Artikel 7. WIJZE VAN HEFFING

  • 1. De rechten worden geheven door middel van een gedagtekende kennisgeving, nota of andere schriftuur.

  • 2. Het verschuldigde bedrag wordt in de schriftuur, als bedoeld in het eerste lid, vermeld.

Artikel 8. VERSCHULDIGDHEID

De rechten zijn verschuldigd zodra de belastingplicht aanvangt.

Artikel 9. BETALING

  • 1. Het binnenhavengeld moet worden betaald op de eerste werkdag volgende op de dag van aankomst van het vaartuig in de haven, doch vóór het tijdstip waarop het vaartuig uit de haven vertrekt.

  • 2. Indien het vaartuig in de loop van een termijn, die in de tabel is aangeduid als een termijn per reis, uit de haven vertrekt en daar in de loop van die termijn terugkeert, begint bij de terugkeer een nieuwe termijn en neemt met betrekking tot de laatstbedoelde termijn het gebruik van de haven opnieuw een aanvang.

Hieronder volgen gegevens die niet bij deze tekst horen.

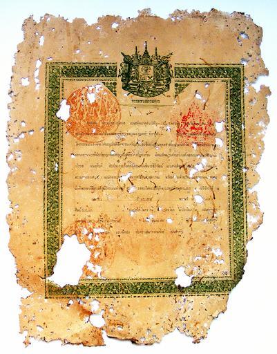 Keywords: Graduate in Siam Buddhist theology degree (1910).jpg ประกาศนียบัตรกระทรวงธรรมการ ตั้ง ปรียญธรรม ๓ ประโยค ปี พ ศ ๒๔๕๓ แก่พระกัน วัดสระ กษ พบที่ วัดคุ้งตะ ภา บ้านคุ้งตะ ภา ตำบลคุ้งตะ ภา อำ ภอ มืองอุตรดิตถ์ จังหวัดอุตรดิตถ์ ืมื่อวัน ๒ ธันวาคม ๒๕๕๑ <center> ข้อความในประกาศนียบัตรกระทรวงธรรมการ สะกดตามตัวสะกด ดิม </center> บรรทัด 1 - ศุภมัสดุ พระพุทธสาสนกาล ปนอดีตภาคล่วงแล้ว ๒๔๕๓ พรรษา รัตนโกสินทรศก ๑๒๙ บรรทัด 2 - พระบาทสม ด็จพระปร มนทรมหาวชิราวุธพระมงกุฎ กล้า จ้าอยู่หัว ู้ ปนพระบรมพุทธสาสนูปถัมภก บรรทัด 3 - มีพระราชประสงค์จะให้พระปริยัติสัทธรรม จริญรุ่ง รืองสืบอายุพระพุทธสาสนานาน นื่องไป จึงโปรดให้อาราธนา บรรทัด 4 - พระ ถรานุ ถระที่มีปรีชาญาณแตกฉานในพระไตรปิฎกธรรม มีสม ด็จพระ จ้าบรมวงศ์ ธอกรมพระยาวิชรญาณ บรรทัด 5 - วโรรส ปนอธิบดี กับมีพระวรวงศ ธอกรมหมื่นชินวรสิริวัฒน์ และสม ด็จพระพุทธโฆษาจารย์ สม ด็จ บรรทัด 5 - พระมหาวรวงศ ปนแม่กองประโยค วัดพระศรีรัตนศาสดาราม พร้อมด้วย จ้าพนักงานกระทรวงธรรมการ บรรทัด 7 - มี จ้าพระยาวิชิตวงศ์วุฒิไกร ปนหัวหน้า ในการสอบไล่พระปริยัติธรรมพระภิกษุสาม ณร ตามปริวัตรวิธี บรรทัด 8 - พระกัน วัดสระ กษ พรรษา ๒ อายุ ๒๒ บรรทัด 9 - ศิษย์ นายโห้ แปลได้ในคราวนี้ ๑ ประโยค ได้ประโยค ๓ ปนอย่างสูง บรรทัด 10 - มื่อวันที่ ๓ ดือน กุมภาพันธ์ รัตนโกสินทรศก ๑๒๙ จึงได้ให้ประกาสนียบัตรนี้ บรรทัด 11 - ประทับตรา ู้ ปนอธิบดี และแม่กอง กับตรา สนาธรรมจักร์ ปนสำคัญ ประกาศความในhttp //www ratchakitcha soc go th/DATA/PDF/2454/D/2239 PDF ราชกิจจานุ บกษา รายนามพระสงฆ์สาม ณร ที่สอบไล่ได้ รัตนโกสินทรศก ๑๒๙ ซึ่งได้รับพระราชทานพัด ปรียญ ล่ม ๒๘ ๑๔ มกราคม ร ศ ๑๓๐ หน้า ๒๒๔๕ graduate in Siam Buddhist theology degree 1910 this degree meets at Wat Khung Taphao Ban Khung Taphao Khung Taphao subdistrict Mueang Uttaradit Uttaradit Province Thailand on December 2 2008 http //www ratchakitcha soc go th/DATA/PDF/2454/D/2239 PDF รายนามพระสงฆ์สาม ณร ที่สอบไล่ได้ รัตนโกสินทรศก ๑๒๙ ซึ่งได้รับพระราชทานพัด ปรียญ in Thai Royal Gazette 28 0 ก 2245 January 14 1911 由上傳 拍 Captured by uploader ภาพนี้ถ่ายโดย ู้อัพโหลด 2/12/2008 PD-TH-exempt/th PD-Art 333px derivative works Coat of Arms of Siam 1873-1910 variant svg Wat Khung Taphao Thai monk rank Script of Thailand Coats of arms of Siam 1873-1910 |

  • 3. Het gebruik van gemeentelijk vaarwater, als bedoeld in het voorgaande lid, wordt niet geacht te zijn onderbroken, indien na een motorreparatie eenmalig een korte proefvaart buiten het gemeentelijk vaarwater wordt gemaakt.

  • 4. Bij voortgezet verblijf in de haven, na afloop van de termijn waarover binnenhavengeld is betaald, begint een nieuwe termijn en neemt met betrekking tot de laatstbedoelde termijn het gebruik van de haven opnieuw een aanvang. Alsdan moet opnieuw betaling overeenkomstig het eerste lid plaatsvinden.

  • 5. Het in lid 4 bepaalde vindt geen toepassing, indien het gebruik van de haven eindigt vóór des middags 12.00 uur op de dag, volgende op de laatste volle dag van de verstreken termijn.

  • 6. Het binnenhavengeld voor voortgezet verblijf, zoals geregeld in lid 4, wordt niet geheven indien het voortgezet verblijf uitsluitend het gevolg is van stremming van de scheepvaart door ijs of andere natuurlijke overmacht of door het onklaar geraken van vitale delen van het gemeentelijk vaarwater.

Artikel 10.

Het liggeld, het kadegeld en het overslaggeld moet worden betaald op het moment, dat het gebruik van de betreffende dienst aanvangt.

Artikel 11. RESTITUTIE EN OVERSCHRIJVING

  • 1. Indien een vaartuig wordt vervangen door een ander vaartuig, wordt - op aanvraag van de belastingplichtige - het over de nog niet verstreken maanden van de lopende termijn voor het te vervangen vaartuig betaalde binnenhavengeld verrekend met hetgeen over die periode voor het vervangende vaartuig verschuldigd zou zijn. Eén en ander met dien verstande, dat indien het laatstgenoemde binnenhavengeld lager is dan het betaalde, het verschil niet wordt gerestitueerd.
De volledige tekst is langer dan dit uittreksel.